What are the prominent downsides of the D programming language?

Abdulhaq alynch4047 at gmail.com
Mon Sep 21 10:25:02 UTC 2020


On Monday, 21 September 2020 at 09:35:10 UTC, Ruby The Roobster 
wrote:
> On Monday, 21 September 2020 at 09:29:21 UTC, Tomcruisesmart 
> wrote:
>> Hi,
>> I'm looking for healthy conversation.
>> What are the prominent downsides of the D programming language?
>
> One downside is that classes can't inherit from multiple 
> classes.
>  I know that there is a thing called an interface which a class 
> can inherit more that one of those. Thing is, functions in 
> interfaces have to be abstract.  Also, member variables 
> declared in an interface have to be static, and the only member 
> functions that are defined have to be static.

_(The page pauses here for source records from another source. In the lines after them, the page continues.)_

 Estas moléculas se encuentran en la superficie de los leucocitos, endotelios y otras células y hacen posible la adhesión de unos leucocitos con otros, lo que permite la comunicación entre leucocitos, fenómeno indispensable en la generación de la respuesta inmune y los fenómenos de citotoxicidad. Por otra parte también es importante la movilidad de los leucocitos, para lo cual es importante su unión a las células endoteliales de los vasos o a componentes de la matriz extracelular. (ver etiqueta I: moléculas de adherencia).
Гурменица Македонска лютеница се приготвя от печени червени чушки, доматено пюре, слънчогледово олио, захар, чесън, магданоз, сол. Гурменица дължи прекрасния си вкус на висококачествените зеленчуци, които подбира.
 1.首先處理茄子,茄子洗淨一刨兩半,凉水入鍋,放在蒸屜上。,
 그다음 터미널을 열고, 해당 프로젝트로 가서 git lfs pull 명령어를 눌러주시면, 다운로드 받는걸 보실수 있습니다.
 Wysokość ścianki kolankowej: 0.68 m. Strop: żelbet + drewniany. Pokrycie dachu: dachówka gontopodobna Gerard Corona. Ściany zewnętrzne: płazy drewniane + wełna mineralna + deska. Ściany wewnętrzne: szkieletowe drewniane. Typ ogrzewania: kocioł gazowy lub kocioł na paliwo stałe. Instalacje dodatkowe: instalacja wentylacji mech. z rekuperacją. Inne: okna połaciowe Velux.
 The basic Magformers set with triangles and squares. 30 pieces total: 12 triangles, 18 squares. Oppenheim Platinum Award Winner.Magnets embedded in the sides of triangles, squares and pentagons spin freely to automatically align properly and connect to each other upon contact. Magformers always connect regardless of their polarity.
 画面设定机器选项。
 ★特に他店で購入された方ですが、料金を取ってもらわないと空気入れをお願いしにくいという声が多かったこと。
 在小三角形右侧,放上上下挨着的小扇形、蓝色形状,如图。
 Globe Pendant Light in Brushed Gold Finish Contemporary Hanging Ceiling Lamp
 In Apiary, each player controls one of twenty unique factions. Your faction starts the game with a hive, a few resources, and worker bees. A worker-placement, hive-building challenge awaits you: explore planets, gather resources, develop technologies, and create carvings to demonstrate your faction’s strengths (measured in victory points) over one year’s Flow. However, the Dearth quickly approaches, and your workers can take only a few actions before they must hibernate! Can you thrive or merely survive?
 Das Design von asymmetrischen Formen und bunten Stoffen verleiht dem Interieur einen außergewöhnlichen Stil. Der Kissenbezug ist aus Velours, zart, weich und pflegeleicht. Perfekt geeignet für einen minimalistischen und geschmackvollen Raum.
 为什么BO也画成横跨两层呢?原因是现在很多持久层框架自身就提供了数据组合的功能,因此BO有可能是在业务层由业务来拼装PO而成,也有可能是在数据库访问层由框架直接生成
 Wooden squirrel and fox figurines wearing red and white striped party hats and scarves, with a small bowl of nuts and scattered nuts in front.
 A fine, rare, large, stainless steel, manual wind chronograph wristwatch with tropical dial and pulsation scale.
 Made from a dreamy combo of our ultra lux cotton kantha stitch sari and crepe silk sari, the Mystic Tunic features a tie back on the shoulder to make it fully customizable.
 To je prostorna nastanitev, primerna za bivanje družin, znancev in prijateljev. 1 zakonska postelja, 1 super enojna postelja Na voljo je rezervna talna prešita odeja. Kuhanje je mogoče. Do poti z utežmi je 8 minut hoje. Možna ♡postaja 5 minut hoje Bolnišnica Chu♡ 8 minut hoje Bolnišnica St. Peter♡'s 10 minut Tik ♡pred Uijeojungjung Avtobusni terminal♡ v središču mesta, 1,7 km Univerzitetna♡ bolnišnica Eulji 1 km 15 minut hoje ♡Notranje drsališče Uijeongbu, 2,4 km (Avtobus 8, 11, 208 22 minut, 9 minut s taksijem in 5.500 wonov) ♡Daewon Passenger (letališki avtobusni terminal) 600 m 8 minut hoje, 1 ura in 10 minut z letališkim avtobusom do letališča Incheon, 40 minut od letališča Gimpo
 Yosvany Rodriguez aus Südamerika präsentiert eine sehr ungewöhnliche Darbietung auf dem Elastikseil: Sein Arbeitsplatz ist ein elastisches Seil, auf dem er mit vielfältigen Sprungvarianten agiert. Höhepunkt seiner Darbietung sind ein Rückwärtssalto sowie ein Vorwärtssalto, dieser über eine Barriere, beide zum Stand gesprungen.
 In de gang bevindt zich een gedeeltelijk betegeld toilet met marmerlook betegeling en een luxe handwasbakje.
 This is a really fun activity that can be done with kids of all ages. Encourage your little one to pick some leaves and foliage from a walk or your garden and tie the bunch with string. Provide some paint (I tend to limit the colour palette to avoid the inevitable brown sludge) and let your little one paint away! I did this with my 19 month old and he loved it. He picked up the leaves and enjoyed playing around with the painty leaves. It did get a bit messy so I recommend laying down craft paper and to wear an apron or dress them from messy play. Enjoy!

Why can't we just 
> inherit from multiple classes?

Multiple inheritance would really complicate the language, and 
it's benefits are held not to be sufficient to outweigh the 
downside of that.

Another very important thing to bear in mind is to prefer 
composition over inheritance - a simple maxim but very very true 
(IMO). Google it for more details.

In the seventies and eighties oject orientation was very 
fashionable and books like "Learn C++ in 24 hrs" were mainly 
filled with the complexities of inheritance. This made us think 
that inheritance was the preferred way to share functionality 
between classes of objects. As it turns out, it's not (IMO).